# .45 acp and .44 loads?



## olchevy (Sep 28, 2010)

Just looking to hear if you know of any good .45 acp loads for deer...it will be coming out of a 5'' barrel.....
I am looking for hand load data mainly.

And also some .44 loads but they will be for a marlin 1894, but figured I would put it here since it is a pistol round.

Thanks in advance.


----------



## chuckdog (Sep 29, 2010)

There are too many better calibers to deer hunt with. I just wouldn't recommend the 45ACP for hunting. It's a great defense round, my favorite, but it was designed to stop a man at defensive ranges. If you see a trophy deer @ 50yds, you're under gunned. For your sake, and the deers' sake, I'd want something that I could confidently make a clean kill with @ that range. I just don't think the ACP is what you're looking for to hunt with.


----------



## olchevy (Sep 29, 2010)

It would just be to try out if I got within say 10 yards or less. It would be in the holster otherwise and I would be carrying a rifle, more than likely the 1894 in .44 mentioned above, or my rem 700 .308 or my new favorite my 8mm Mauser......I know it can do it, I was just looking for some load data.


----------



## chuckdog (Sep 29, 2010)

I'd probably look at some Hard Cast bullets. Something in the 200 grain range. The .45 will cut a big enough path on it's on. The cast bullets will give you the penetration you're looking for. I've used them in .44 mag rounds with great results. As for powder, I've not loaded the ACP for hunting, but Accurate #5 has always delivered good velocity and great accuracy from my .45s'.


----------



## olchevy (Sep 29, 2010)

Great! I already have Accurate #5....


----------



## markland (Oct 11, 2010)

My load for the 45ACP was 10.6grs of Blue Dot pushing a 200gr Hornady XTP bullet at about 1100fps out of a 7in barrelled, modified Colt with a heavy spring.  I had a Red Dot on it and could shoot 1in groups at 25yds with that gun/load and shot well, but you knew you pulled the trigger.  Was not impressed with the only deer I shot with it, hit her right behind the shoulder blade at about 15yds and no pass thru, she only went 30yds but no blood at all.  Would probably use a SWC or hard bullet the next time if I tried it.


----------



## JWarren (Oct 11, 2010)

markland said:


> Would probably use a SWC or hard bullet the next time if I tried it.

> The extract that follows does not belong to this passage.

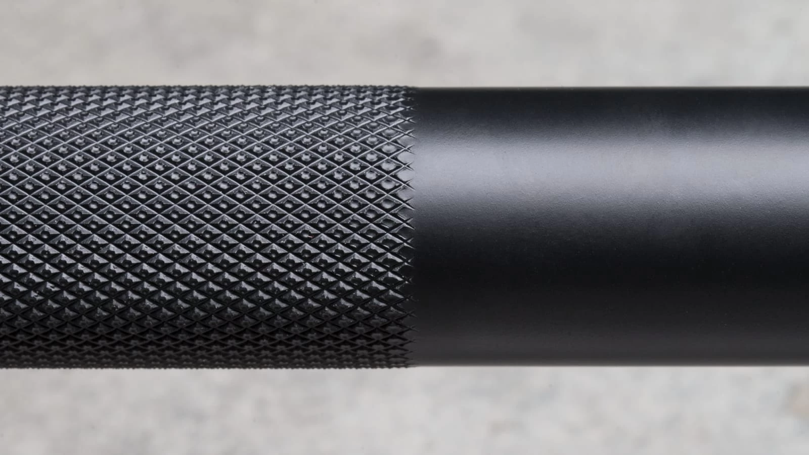 The Ohio Deadlift Bar’s sleeves feature a quality snap ring construction—far superior to the cheaply produced bolt-and-pin style sleeves of some other brands. The powerlifting knurl marks on this bar are a bit deeper / more aggressive than our Ohio Power Bar, but machined in the same pattern. There is no center knurl.
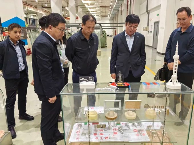 在铸造教学区,金东寒在“基于CDIO理念的多层次模块化铸造教学”展牌前,了解铸造教学情况,对中心将三维造型、3D打印和激光加工技术融入铸造教学,并增加精密铸造项目,打造集专业教育、劳动教育、思政教育于一体实践教学内容表示认可。他指出,现代科技发展迅速,中心要把加工对象扩展到非金属上,满足新产品、新技术发展需要。

Good advice, you want complete penetration and about the only bullet that you can depend on to reliably do that from a .45acp will be a cast bullet or ball. This will most assuredly be a handload, as I do not know of a factory load that will attain 1000-1100fps in either of these bullets, which is about what you will need. I would go with the SWC as it will do more damage having a slight meplat that the ball does not.


----------



## markland (Oct 12, 2010)

Yes to add I did some more loading and shooting after that with a FMC 200gr SWC and it definitely makes a big difference in penetration, but not sure how pronounced the wound channel would be with that jacketed bullet thru the chest cavity or if even the load would be legal to hunt with as I believe you cannot use fully jacketed ammo for hunting, but for hogs they worked well with very proper placement.


----------



## blackbear (Oct 12, 2010)

http://data.hodgdon.com/main_menu.asp

The bullets want bounce off for sure... just load for max and use at bow range/try for a heart shot/....lots of poachers use 22magnum....I shot a buck with a 50.cal muzzleloader and a 350gr. maxie ball at 35 yrds. one year,perfect shot thru the heart/lung area,complete penetration,,,buck ran 200 yards with no blood trail for the first 100yrds. also showed no sign of being hit,i just tracked it for 1 hour and got lucky found him.......same stuff happened with a 44 magnum rifle...both were perfect shot placement...just no blood trail or immediate responce....shots on biggame do not allways work like we want in the real world......good luck & post pics of your hunt!


----------



## benafrye (Oct 13, 2010)

200 gr hardcast


----------



## Nastytater (Nov 30, 2010)

Here,try this one website....http://data.hodgdon.com/main_menu.asp


----------



## Michael F. Gray (Nov 30, 2010)

I've used a .45 on one deer which walked under the tree stand I was perched in. Total distance, ...less than 10 feet. I was holding a 12 gauge Ithaca Model 37 Featherweight, but moving it would have spooked him. Can't reccomend it as a hunting choice. I own a .44 Magnum Model 1894 Marlin. I find Buffalo Bore  Heavy loads work well. I've also used Cor-Bon , but favor the heavier weight projectiles. I've acquired a Marlin 1895 in .450 Marlin, as it seems Bear were all over the woods where I hunt. Much more energy than the 1894.


----------



## Richard P (Nov 30, 2010)

In the 44m, if you have access to a 240/250 cast SWC you could use most any load that produces 1200fps or up. If using a Jacketed, the loads can be identical.  You can go up in velocity within the pressure limits. If there is any chance you'd use them in a revolver I would load what the revolver likes and try that in the rifle.  22gr of imr4227 will produce about 1450fps in the rifle.  Any load around that with 2400 should work well.  Other powders would include Blue Dot and Accurate 9.


----------



## ticeman (Nov 30, 2010)

My .45 loads are as follows:

Hornady XTP JHP 230 gr bullets
5.5 gr. Unique powder

It'll slay the deer without issue.


----------



## 10gaugemeow (Nov 30, 2010)

http://www.midwayusa.com/viewProduct/?productNumber=248742

http://www.midwayusa.com/viewProduct/?productNumber=860256


----------